Dataset:
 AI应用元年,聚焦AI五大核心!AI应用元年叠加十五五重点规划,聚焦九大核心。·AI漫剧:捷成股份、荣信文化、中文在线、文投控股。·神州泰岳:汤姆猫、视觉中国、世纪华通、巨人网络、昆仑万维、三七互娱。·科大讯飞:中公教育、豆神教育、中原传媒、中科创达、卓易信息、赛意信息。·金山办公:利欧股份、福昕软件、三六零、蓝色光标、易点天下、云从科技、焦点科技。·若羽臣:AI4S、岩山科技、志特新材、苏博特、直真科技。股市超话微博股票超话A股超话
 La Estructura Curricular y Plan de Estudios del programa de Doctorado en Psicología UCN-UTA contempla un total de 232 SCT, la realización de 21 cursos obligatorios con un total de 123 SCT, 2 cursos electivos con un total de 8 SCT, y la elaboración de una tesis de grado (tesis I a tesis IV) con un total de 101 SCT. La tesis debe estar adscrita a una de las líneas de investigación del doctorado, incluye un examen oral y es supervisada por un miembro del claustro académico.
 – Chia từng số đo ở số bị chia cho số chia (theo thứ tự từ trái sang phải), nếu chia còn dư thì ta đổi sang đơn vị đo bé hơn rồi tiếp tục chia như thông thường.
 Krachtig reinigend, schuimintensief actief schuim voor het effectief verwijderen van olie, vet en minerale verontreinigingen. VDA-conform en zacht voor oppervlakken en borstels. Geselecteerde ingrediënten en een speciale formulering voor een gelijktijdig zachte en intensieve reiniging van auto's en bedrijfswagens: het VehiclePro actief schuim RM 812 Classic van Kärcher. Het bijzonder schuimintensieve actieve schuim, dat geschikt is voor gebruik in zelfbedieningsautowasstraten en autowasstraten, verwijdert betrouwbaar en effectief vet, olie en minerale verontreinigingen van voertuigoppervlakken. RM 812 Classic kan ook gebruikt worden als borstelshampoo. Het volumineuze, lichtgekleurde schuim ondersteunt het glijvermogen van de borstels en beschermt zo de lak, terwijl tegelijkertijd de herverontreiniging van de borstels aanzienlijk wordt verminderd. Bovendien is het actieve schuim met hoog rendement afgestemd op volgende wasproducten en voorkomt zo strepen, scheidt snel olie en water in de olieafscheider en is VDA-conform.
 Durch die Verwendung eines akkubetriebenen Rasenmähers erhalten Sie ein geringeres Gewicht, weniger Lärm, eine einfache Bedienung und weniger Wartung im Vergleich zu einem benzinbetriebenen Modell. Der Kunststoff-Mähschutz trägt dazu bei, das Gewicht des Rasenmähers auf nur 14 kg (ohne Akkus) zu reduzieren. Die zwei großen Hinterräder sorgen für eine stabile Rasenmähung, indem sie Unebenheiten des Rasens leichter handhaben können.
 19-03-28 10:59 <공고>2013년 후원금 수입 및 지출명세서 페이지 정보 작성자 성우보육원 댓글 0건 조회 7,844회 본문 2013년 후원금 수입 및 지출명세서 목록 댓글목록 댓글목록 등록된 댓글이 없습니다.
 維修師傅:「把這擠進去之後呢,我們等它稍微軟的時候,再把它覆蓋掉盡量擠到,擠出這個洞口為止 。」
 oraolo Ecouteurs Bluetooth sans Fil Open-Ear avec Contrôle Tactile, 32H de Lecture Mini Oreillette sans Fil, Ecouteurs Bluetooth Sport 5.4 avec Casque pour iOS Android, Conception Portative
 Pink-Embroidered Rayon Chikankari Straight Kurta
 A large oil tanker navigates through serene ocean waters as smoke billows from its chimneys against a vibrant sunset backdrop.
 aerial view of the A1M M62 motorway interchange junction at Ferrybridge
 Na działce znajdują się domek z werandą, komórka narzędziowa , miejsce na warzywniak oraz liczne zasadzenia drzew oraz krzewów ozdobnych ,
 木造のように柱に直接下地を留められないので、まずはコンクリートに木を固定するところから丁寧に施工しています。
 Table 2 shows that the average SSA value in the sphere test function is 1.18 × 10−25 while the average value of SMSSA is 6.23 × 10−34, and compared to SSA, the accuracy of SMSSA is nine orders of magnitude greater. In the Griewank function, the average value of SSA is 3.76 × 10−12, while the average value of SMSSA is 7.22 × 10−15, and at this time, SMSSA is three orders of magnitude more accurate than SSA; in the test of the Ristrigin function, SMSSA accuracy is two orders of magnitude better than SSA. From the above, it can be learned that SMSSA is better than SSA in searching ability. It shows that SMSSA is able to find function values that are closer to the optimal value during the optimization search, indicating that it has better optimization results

Exercise details: Set down, exactly as they stand above, the lines starting with the line with "Durch die Verwendung" and going on through the line with "aerial view of", and no others.

Solution to the problem:
 Durch die Verwendung eines akkubetriebenen Rasenmähers erhalten Sie ein geringeres Gewicht, weniger Lärm, eine einfache Bedienung und weniger Wartung im Vergleich zu einem benzinbetriebenen Modell. Der Kunststoff-Mähschutz trägt dazu bei, das Gewicht des Rasenmähers auf nur 14 kg (ohne Akkus) zu reduzieren. Die zwei großen Hinterräder sorgen für eine stabile Rasenmähung, indem sie Unebenheiten des Rasens leichter handhaben können.
 19-03-28 10:59 <공고>2013년 후원금 수입 및 지출명세서 페이지 정보 작성자 성우보육원 댓글 0건 조회 7,844회 본문 2013년 후원금 수입 및 지출명세서 목록 댓글목록 댓글목록 등록된 댓글이 없습니다.
 維修師傅:「把這擠進去之後呢,我們等它稍微軟的時候,再把它覆蓋掉盡量擠到,擠出這個洞口為止 。」
 oraolo Ecouteurs Bluetooth sans Fil Open-Ear avec Contrôle Tactile, 32H de Lecture Mini Oreillette sans Fil, Ecouteurs Bluetooth Sport 5.4 avec Casque pour iOS Android, Conception Portative
 Pink-Embroidered Rayon Chikankari Straight Kurta
 A large oil tanker navigates through serene ocean waters as smoke billows from its chimneys against a vibrant sunset backdrop.
 aerial view of the A1M M62 motorway interchange junction at Ferrybridge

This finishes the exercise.